Biclonal gammopathies are a vanishingly rare group characterized by the production of two distinct monoclonal proteins. This rare finding can result for example from either a proliferation of two clones of plasma cells with each producing an unrelated monoclonal spike or from the production of two monoclonal spikes by a single clone of plasma cells. Approximately 1.5% of multiple myeloma cases present with biclonal paraproteinemia [6]. Mullikin et al. [7] reported that 23 out of 393 patients with biclonal gammopathy of unknown significance in their study had progression to either multiple myeloma, smoldering myeloma, light chain amyloidosis or Waldenstrom macroglobulinemia with the dominant clone being the principal player through the course of the disease in 21 patients [7]. Several cases of isotype switching have been reported in myeloma patients with biclonal spikes. A case exhibited a shift from primarily IgG with a minor IgD component to a predominant IgD immunoglobulin production after chemotherapy with findings revealing neoplastic origin from a single clone of B-cells [8]. Franck et al. [9] reported another case with shift from a single paraprotein IgG Kappa to a biclonal paraprotein IgG kappa and IgD kappa. It is not uncommon to see biclonal bands with isotype switching on serum immunofixation of post stem cell transplant patients and those receiving immunosuppressive therapy. They are more likely to be transient phenomena as opposed to a neoplastic recurrence and are not associated with adverse prognosis [10].

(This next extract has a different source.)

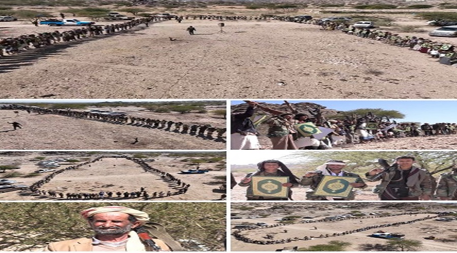 خرج مشايخ ووجهاء وأبناء قبائل مديرية الشرية بمحافظة البيضاء، اليوم، في وقفة قبلية مسلحة حاشدة، وغاضبة، تجديداً للنفير العام، وتأكيدًا على الجهوزية العالية والاستعداد الكامل لخوض جولة الصراع القادمة ضد الأعداء، وتأييدًا لكافة قرارات السيد القائد عبد الملك بدرالدين الحوثي _ يحفظه الله_ في مواجهة مؤامرة العدو الإسرائيلي بالصومال، وتوسيع مشروع الاستباحة في المنطقة.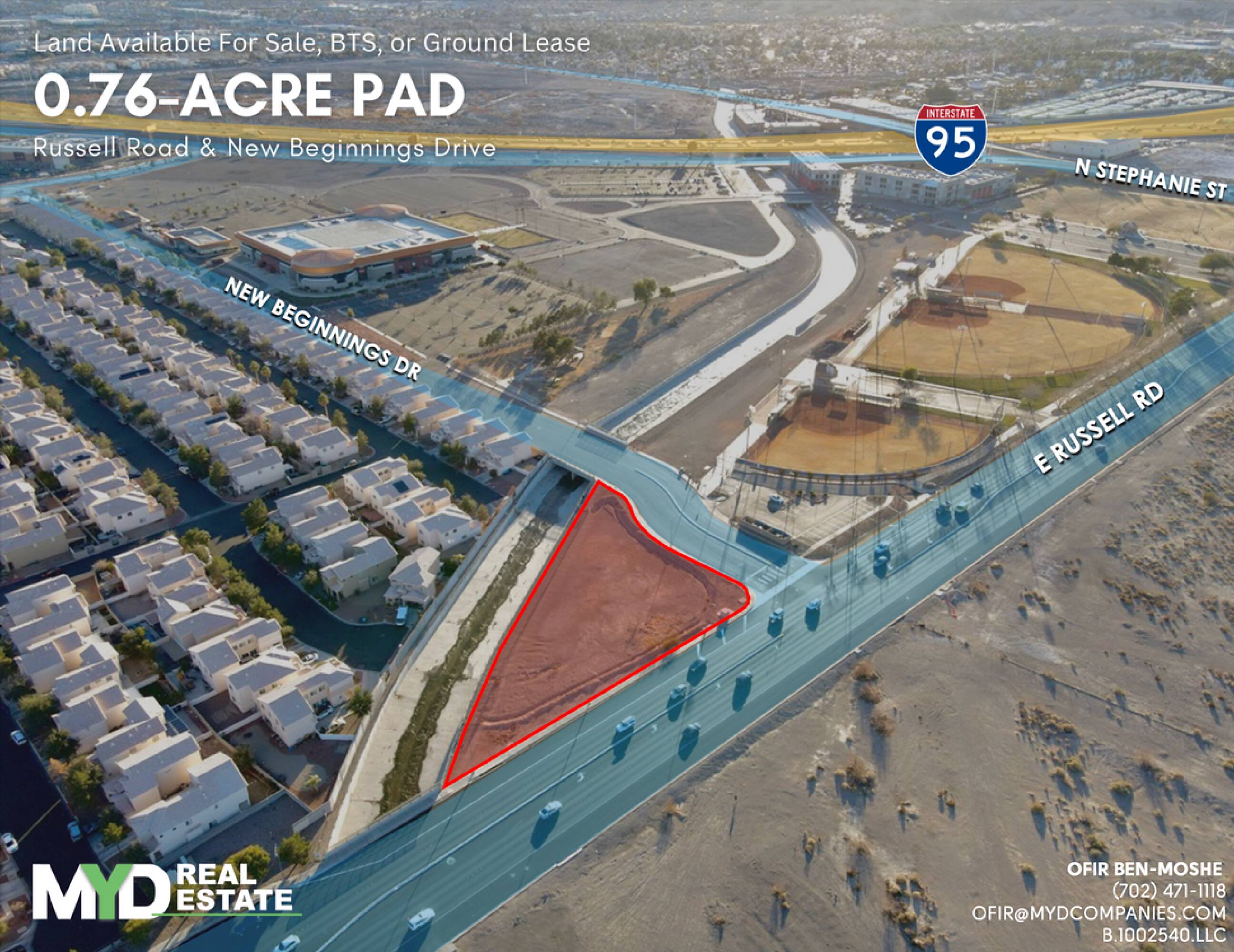 0.76-acre corner parcel with excellent visibility and accessibility.

Kyle et al. [6] reported no difference in prognosis between biclonal and monoclonal gammopathy. However, recognition of this existence increases the credibility and helps in assessing treatment response during follow-up [1]. To our knowledge, this is the first ever-reported case with biclonal gammopathy with simultaneous extramedullary involvement.
Conclusion
Our case report highlights an extremely rare clinical presentation of lymph node and bone marrow involved by biclonal multiple myeloma. Biclonal gammopathy can have its origin from either a single clone or two clones of plasma cells. Given the simultaneous presentation it is unclear in our case as to which originated first. Nevertheless, identification of biclonality not only helps us to be precise but also will be helpful in guiding treatment and to follow up response.
Statement of Ethics
The authors have no ethical conflicts to declare. The authors have provided informed consent to publish the manuscript.
Disclosure Statement
The authors certify that they have NO affiliations with or involvement in any organization or entity with any financial interest (such as honoraria; educational grants; participation in speakers’ bureaus; membership, employment, consultancies, stock ownership, or other equity interest; and expert testimony or patent-licensing arrangements), or non-financial interest (such as personal or professional relationships, affiliations, knowledge or beliefs) in the subject matter or materials discussed in this manuscript.
The authors do not have any conflicts of interest to disclose.